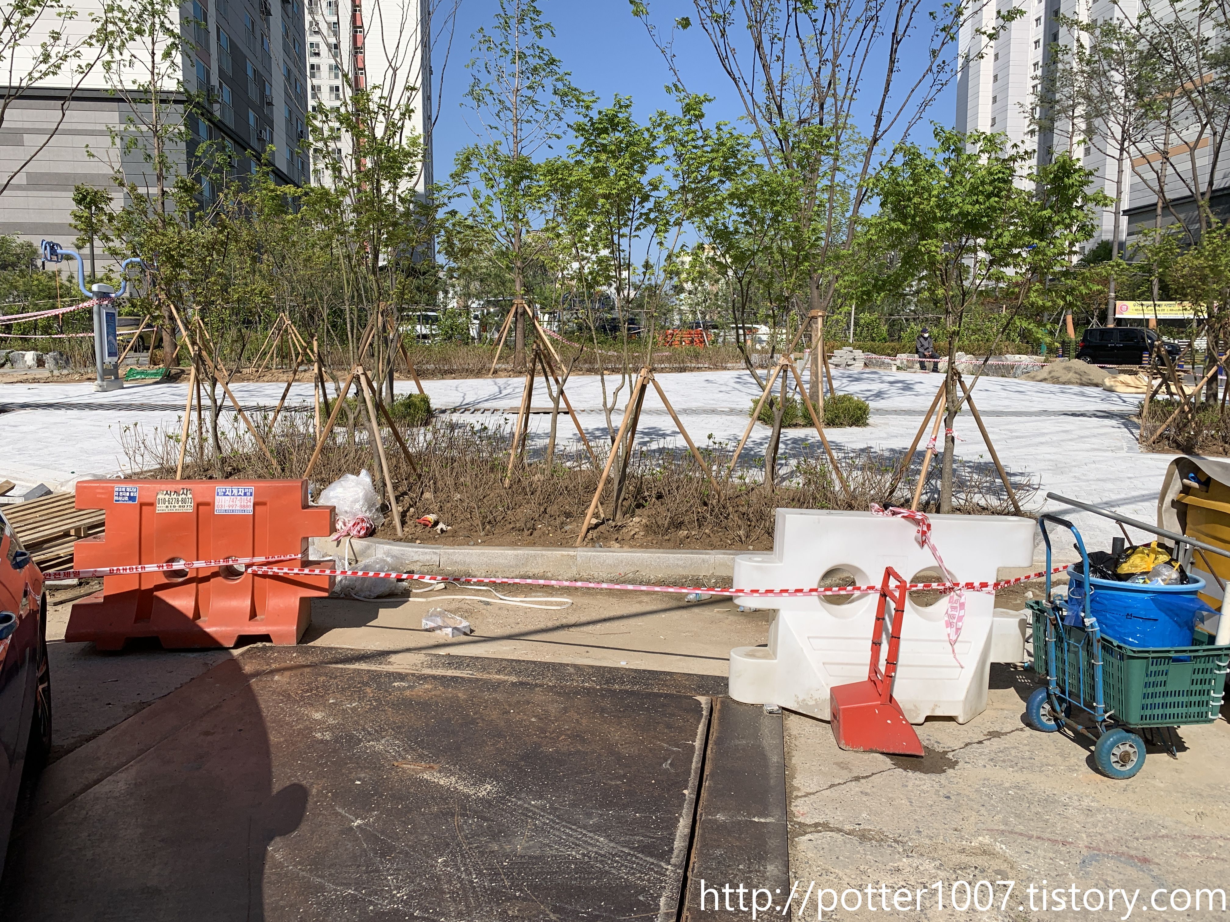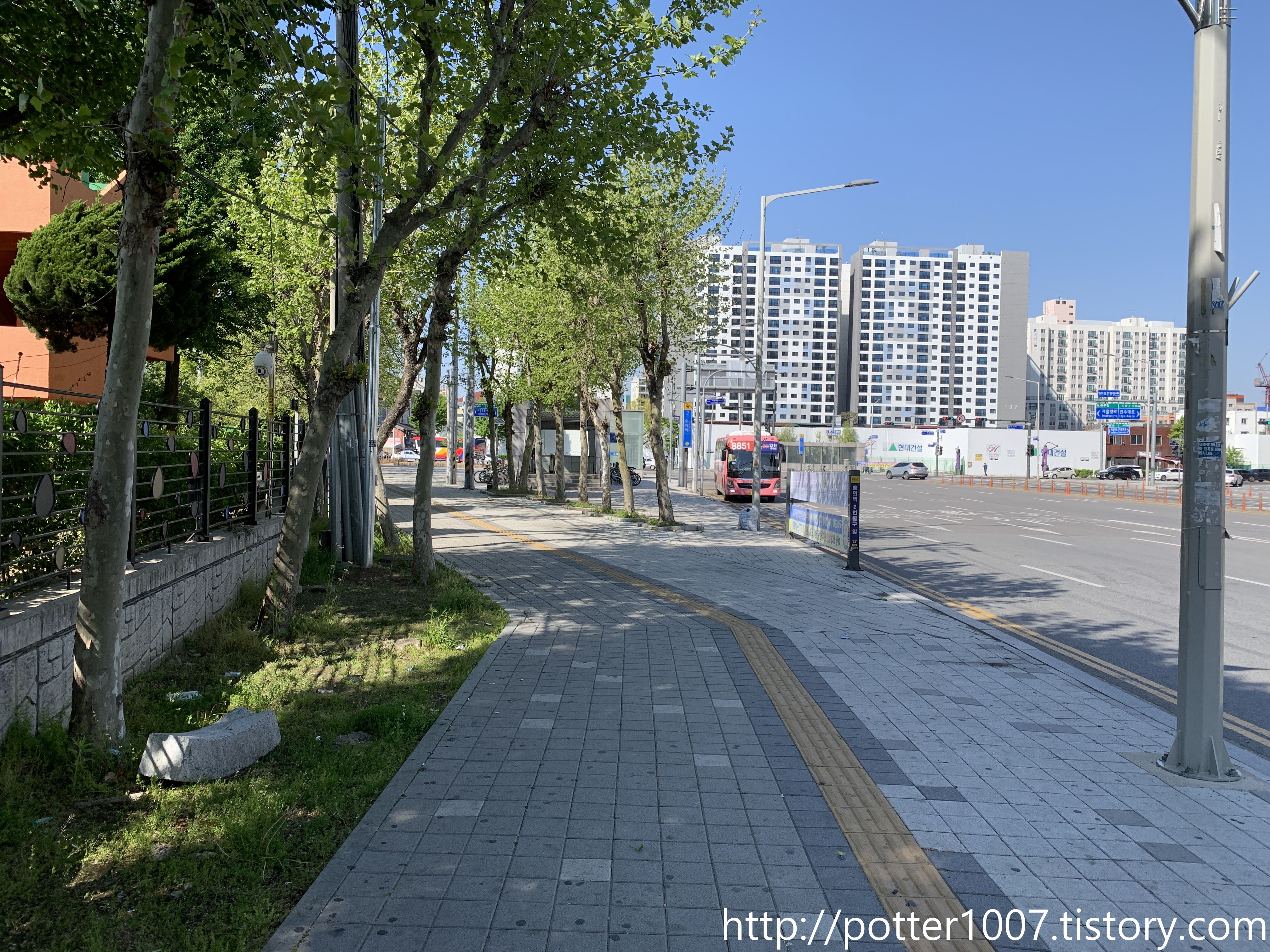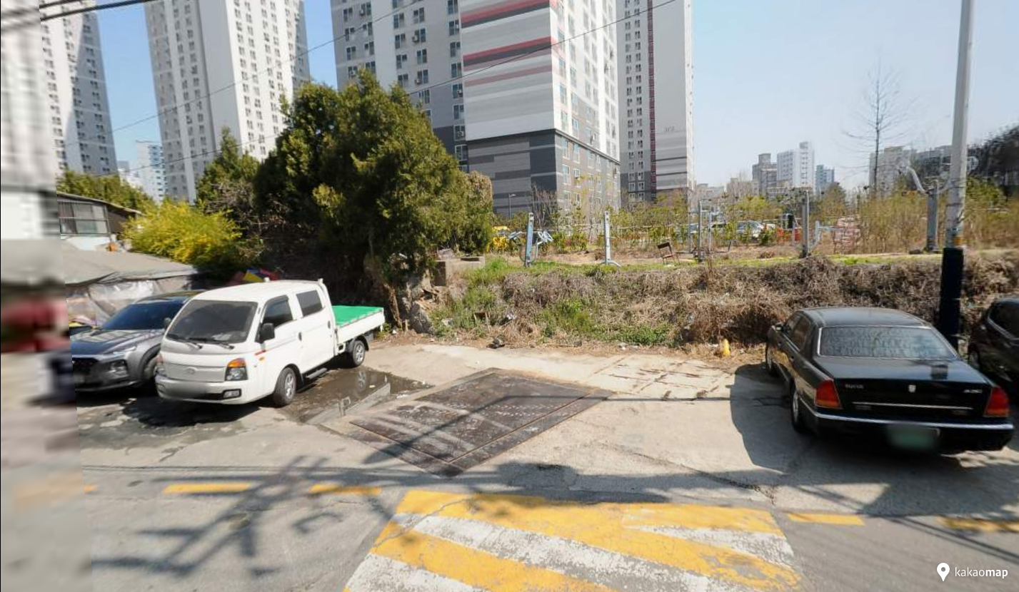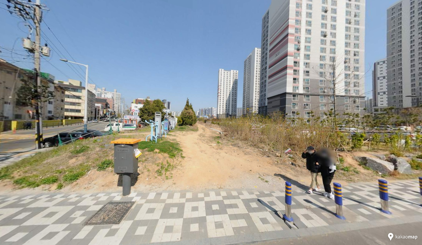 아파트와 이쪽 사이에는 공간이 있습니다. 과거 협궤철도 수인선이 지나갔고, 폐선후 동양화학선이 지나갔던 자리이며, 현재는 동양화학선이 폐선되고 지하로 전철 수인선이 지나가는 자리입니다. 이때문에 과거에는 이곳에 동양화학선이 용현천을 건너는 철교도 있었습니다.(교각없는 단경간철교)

--

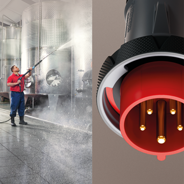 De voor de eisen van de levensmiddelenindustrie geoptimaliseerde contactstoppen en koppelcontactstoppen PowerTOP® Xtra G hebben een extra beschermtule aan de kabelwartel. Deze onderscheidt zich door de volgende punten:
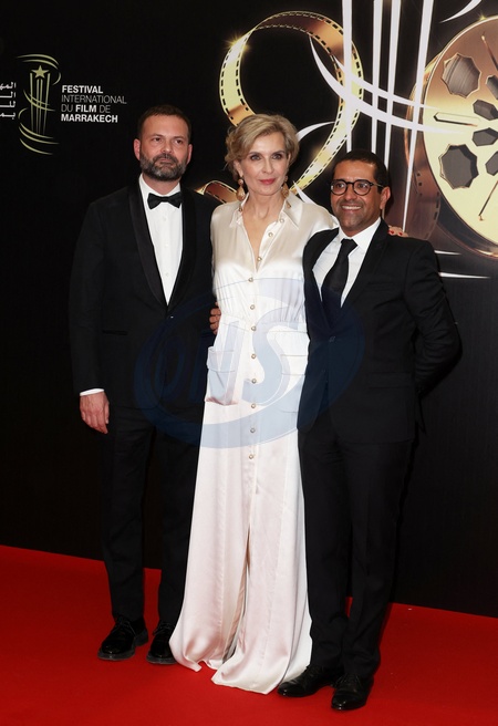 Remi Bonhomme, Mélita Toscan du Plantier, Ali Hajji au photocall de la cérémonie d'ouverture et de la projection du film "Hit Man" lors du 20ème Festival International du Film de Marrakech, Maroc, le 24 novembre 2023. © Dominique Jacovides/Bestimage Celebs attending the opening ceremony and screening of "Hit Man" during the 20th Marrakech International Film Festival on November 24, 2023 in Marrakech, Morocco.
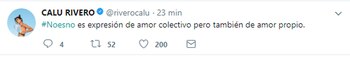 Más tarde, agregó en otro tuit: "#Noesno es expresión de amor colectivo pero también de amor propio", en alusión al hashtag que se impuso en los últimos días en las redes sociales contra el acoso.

**EXERCISE:** Between and including the line with "De voor de eisen" and the line with "Remi Bonhomme, Mélita", repeat every line exactly as it appears above, with pictures left out.

**YOUR SOLUTION:**
 De voor de eisen van de levensmiddelenindustrie geoptimaliseerde contactstoppen en koppelcontactstoppen PowerTOP® Xtra G hebben een extra beschermtule aan de kabelwartel. Deze onderscheidt zich door de volgende punten:
 Remi Bonhomme, Mélita Toscan du Plantier, Ali Hajji au photocall de la cérémonie d'ouverture et de la projection du film "Hit Man" lors du 20ème Festival International du Film de Marrakech, Maroc, le 24 novembre 2023. © Dominique Jacovides/Bestimage Celebs attending the opening ceremony and screening of "Hit Man" during the 20th Marrakech International Film Festival on November 24, 2023 in Marrakech, Morocco.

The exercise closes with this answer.